I found out along the way that I didn't have nearly as much understanding of how to blog as I thought I did. But doing it helped to me learn. When I finished the month of daily posting, I decided to keep going. And I haven't stopped since.

I guess that means that technically, I'm doing NaBloPoMo again, since it's November and I'm still committed to blogging every day. Lately I've felt a bit under the gun in my blogging -- pressed for time, unable to think of interesting things to write about, inordinately proud of myself when I do any writing more strenuous than composing captions to pictures of my kids. (See: previous post.) So I'm hoping NaBloPoMo will provide an occasion to recommit to dailyblogging and remind myself how it's transformed me.

On the other hand (and right now I'm painfully aware that I'm committing the cardinal blogging sin of blogging about blogging), it's been depressing to cruise the NaBloPoMo board on Ravelry and see the participant's ideas of what constitutes good blogging topics. Please, no more weeks with "Friday Photos" and "Tuesday Tidbits." We all succumb to the meme temptation every once in a while -- no harm, no foul. But to post the equivalent of a meme -- an arbitrary post theme -- every day of the week seems to me to be the height of creative bankruptcy. If you must do a series or start a theme (and I've done my share, and will again), make it your own and commit to it only at your own discretion. Is it just me, folks? When I see a "Friday Photo" or a "Thursday Thoughts" post pop up on Google Reader, I can't scroll past it fast enough. It's like you've stuck your blog into a box and refuse to let it out.

Maybe it's a structure that helps give people the courage to post, so I probably shouldn't knock it for the timid dailyblogger. We all need structures to kickstart our creativity. But for me, the blog is the structure. It's not a blank page -- it's a blog. There are a limited number of uses for which it is well designed -- collections of links and commentary, personal reflection on matters of general interest, reporting on project progress, meditations on matters in one's profession, practicing writing to a broad and unknown audience.
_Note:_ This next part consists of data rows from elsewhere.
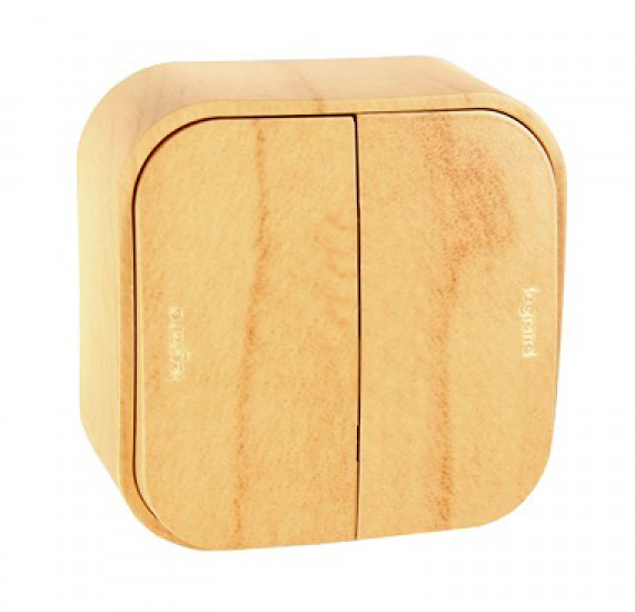 Выключатель двухклавишный - Legrand Quteo - IP20 10А 250В винтовые зажимы накладной монтаж - дерево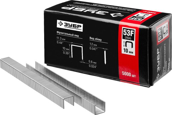 ЗУБР скобы тип 53F (D/056), 10 мм, калибр 23GA. 5000 шт. Профессионал (31950-10)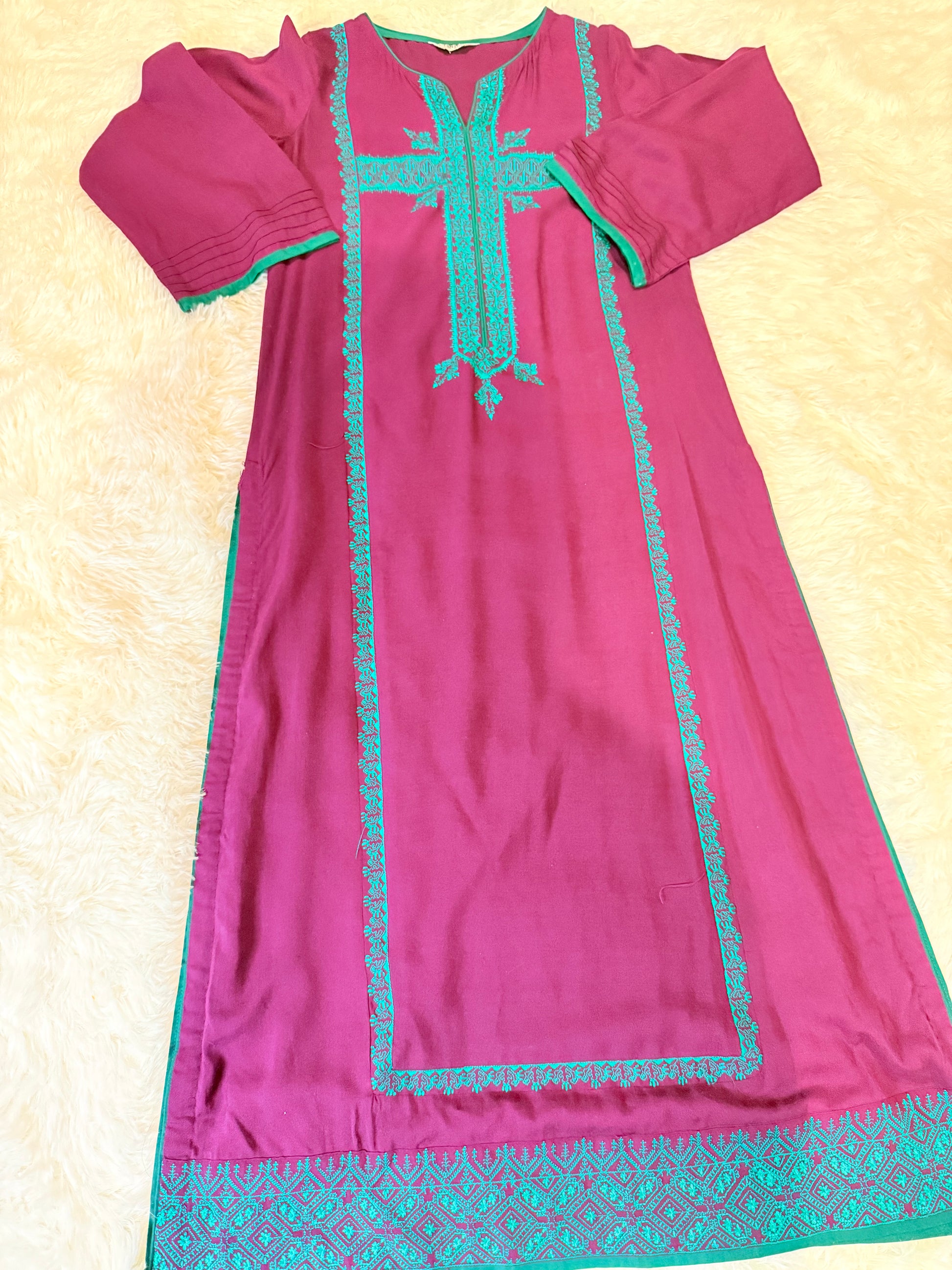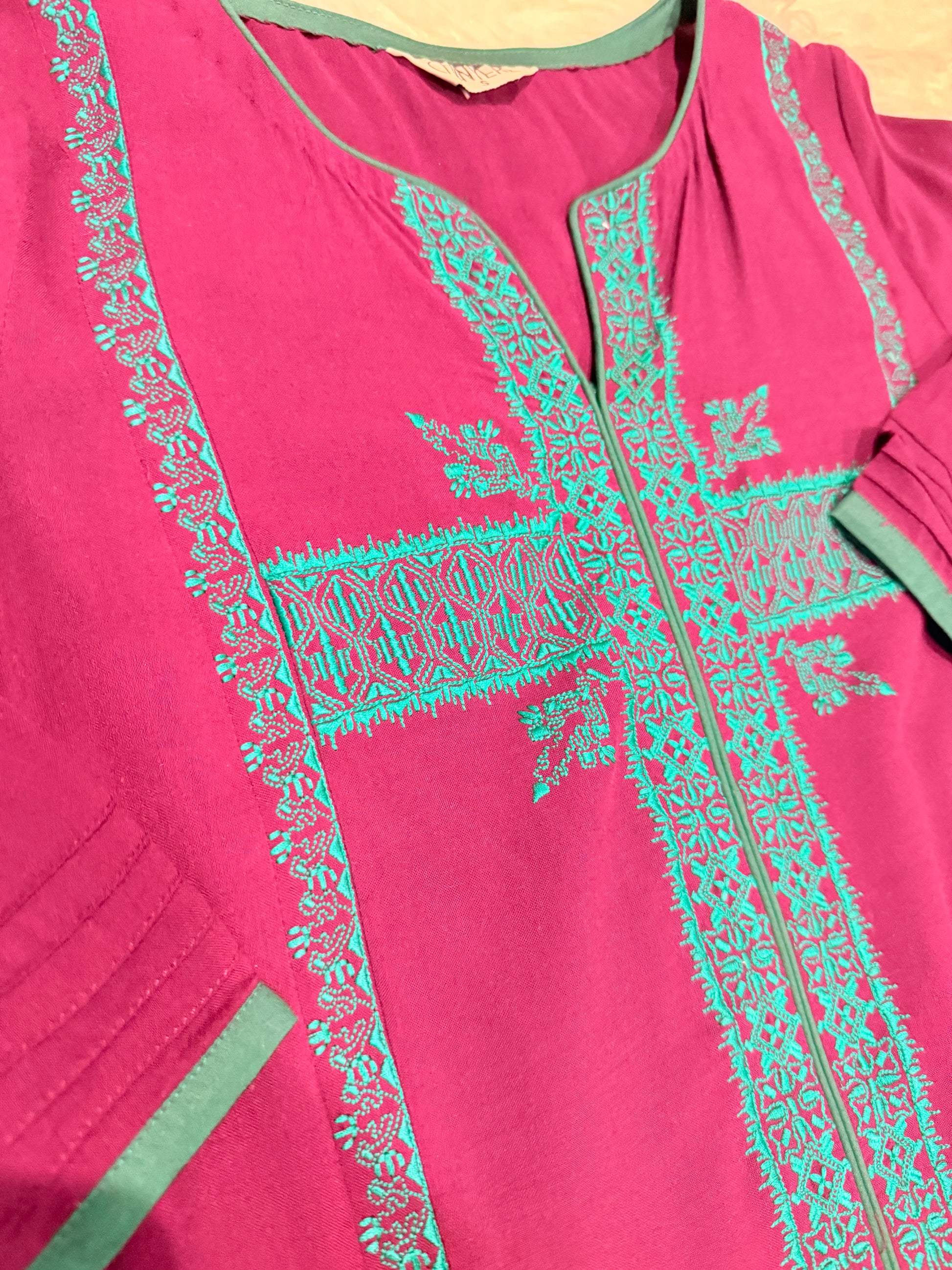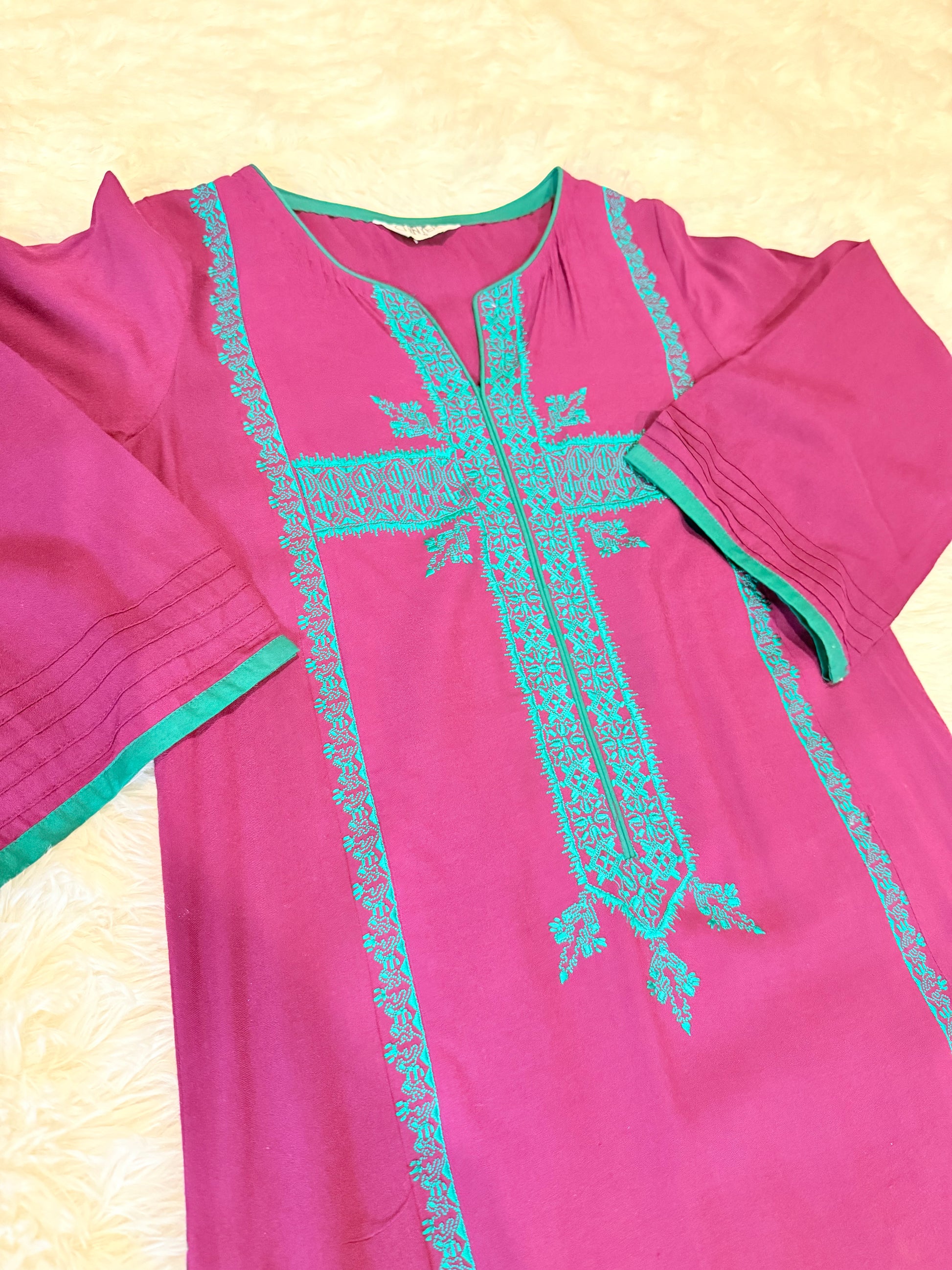 Long Kaaftan style shirt. Soft cotton material. Color is darker than in pictures, more a purple with teal threading. Can be work with leggings or paired with other bottoms.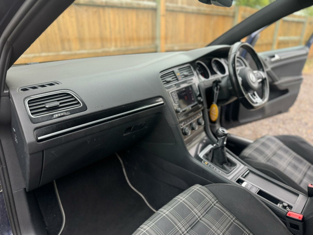 This 2017 Volkswagen Golf TDI GTD offers an impressive blend of performance and practicality. Powered by a 2.0 litre Euro 6 diesel engine, this GTD variant boasts a swift 0-62mph acceleration time of just 7.5 seconds. Keyless entry with a start-stop button provides convenient access and ignition, while front and rear parking sensors, along with Bi-Xenon dipped and main beam headlights featuring LED daytime running lights, enhance both safety and visibility. The inclusion of Bluetooth telephone preparation ensures seamless connectivity on the go.Beyond its dynamic capabilities, this Golf TDI GTD provides ample space for your luggage, thanks to its large boot. The combination of its efficient diesel engine, responsive acceleration, and advanced parking assistance systems demonstrates how this vehicle stands out from others in its class, offering a superior driving experience for everyday journeys and longer trips alike. v socket, 12v socket - luggage compartment, 18in alloy wheels - nogaro, 2 zone electronic climate control with automatic air recirculation, abs - anti-lock braking system, asr - anti slip regulation, air vent surrounds - chrome effect, airbags - curtain front, airbags - curtain rear, airbags - driver, airbags - drivers knee, airbags - front passenger, airbags - front passenger with deactivation switch, airbags - front seat side impact, alarm with interior protection, ambient lighting - white, ambient lighting pack, anti-theft wheel bolts, anti-tramp function for esp, armrest - front centre with storage compartment, automatic dimming rear view mirror, automatic post-collision braking system, bluetooth audio connection, bluetooth telephone preparation, body coloured bumpers, body coloured door handles, body-coloured door mirrors with integrated indicators, brake calipers - grey, brake pad wear indicator, branded points of interest for sat nav, bumpers - unique gtd, car information display, car-net guide and inform (3 year subscription from new), carpet - black, carpet mats - front and rear, central locking - remote with 2 remote keys, centre console - cyclone decorative inserts, child locks in rear doors, chrome plated electric mirror adjustment switch surround, chrome plated electric window button surrounds, chrome trimmed front air intake grille surround, chrome-plated light switch surround, colour touch screen - 6.5in, composition media system, convenience pack, cruise control - adaptive, cup holders - front x2, cup holders - rear armrest x2, dab - digital radio reception, dashboard - cyclone decorative inserts, daytime running lights - led, differential lock - electronic - xdsplus, discover navigation touch-screen navigation radio system, door mirrors - electrically adjustable-heated and folding, door mirrors - puddle lights, door mirrors - reverse activated kerb view adjustment on passengers, door panels - cyclone decorative inserts, door sill protectors - illuminated, driver alert system, driver profile selection, dust and pollen filter, dynamic curve lighting, esp - electronic stability programme, electric windows - front and rear, electronic engine immobiliser, electronic parking brake with auto hold function, european mapping data, exhaust tailpipes - chrome twin, extended sill strips - flared, first-aid kit and warning triangle - holder only, footwell illumination - front x2, front air intake - black honeycomb, front assist including city emergency braking, front fog lights - led, front seat back storage pockets, gtd exterior badge, gas discharge - bi-xenon dipped and main beam headlights with led daytime running lights, gear knob gaiter - gtd logo and grey stitching, gear shift indicator, glovebox - illuminated - cooled - lockable, grab handles - front x2 rear x2 with coat hooks, hba - hydraulic brake assist, head restraints - front whiplash optimised, headlight washer system, headlights - automatic range adjustment, headlights - coming-leaving home function, headlights - dusk sensor - automatic driving lights, heated front seats, heated rear windscreen, heated windscreen washer jets, height and reach adjustable steering column, height-adjustable front three-point seat belts with tensioners, high level 3rd brake light - led, isofix child seat preparation for 2 rear seats, instrument lighting - white adjustable panel illumination, interior lighting delay, keyless entry - with start-stop button, keys - folding x 2, led rear number plate lights, leather gaiter on gear lever, leather trimmed gear knob, leather trimmed three-spoke steering wheel and gear knob, light strips below trim in front doors, lights in front door armrests, lights on warning buzzer, load lashing points x4 in luggage compartment, load-through provision, load-through provision converts to table function, low washer fluid warning light, luggage compartment - hooks, luggage compartment cover, luggage compartment light, luggage compartment storage area on right, mdi - multi device interface with usb - ipod connection cables, map view - 2d and 3d, mirror pack, misfuel prevention device, multifunction computer - colour, optical parking display via vehicles audio system, parking sensors - front and rear, parking sensors - rear, pedals - stainless steel, pre-crash preventive occupant protection, progressive steering, radar sensor controlled distance monitoring system, radiator grille - honeycomb with chrome stripe, radio aerial integrated into rear windscreen, rain sensor, reading lights front x2 and rear x2 - led, rear centre armrest, rear diffuser - black, rear lights incorporating led technology, reflectors in doors, roof lining - black, route options for sat nav - fast-short-eco, sd card reader, sms functionality - read - compose and send sms messages using touch screen display - android compatible smartphones only, seats - front lumbar support, seats - front sports, seats - height adjustment - front, service interval display, simultaneous pairing of 2 compatible mobile devices, single cd player, smoke

Sure, people can use blogs in innovative ways. But these are the natural genres to which the medium is suited. Isn't that enough structure to get us started? Do we really need the crutch of "I'll write about weeding my garden every Wednesday" to get words on paper? If we do, how do we expect to attract and hold the attention of readers, for whom such ticky-tacky boxes are more likely to inspire sighs of "not again" than excitement?

It's all in how it's done, that's true. I know online chat hosts and bloggers whose periodic theme days were eagerly anticipated (Carolyn Hax's wedding chats once every few months come to mind). And maybe that's another difference -- every so often rather than Every Damnable Day.

Please forgive me, fellow NaBloPoMoers, if I have just trashed the plan that got you excited about blogging every day. I would only urge you to remember your readers (you do want some, don't you?). And cut me the tiniest bit of slack for my first curmudgeonly NaBloPoMo post -- I'm heading to Denver and I already want to be on the way back.


*I've been telling people for weeks that I've been posting daily since 2005. It just doesn't seem possible that (1) I've only been dailyblogging for one year, and (2) I started knitting so soon after I started dailyblogging. But now that I think about it, there's some sense to it -- knitting gave me a few posts back in the early days when I was pretty strapped for daily ideas, until I felt guilty about it and moved it to its own blog. So take my "young whippersnappers with no idea how to dailyblog harrumph harrumph" grumbling with a touch of skepticism.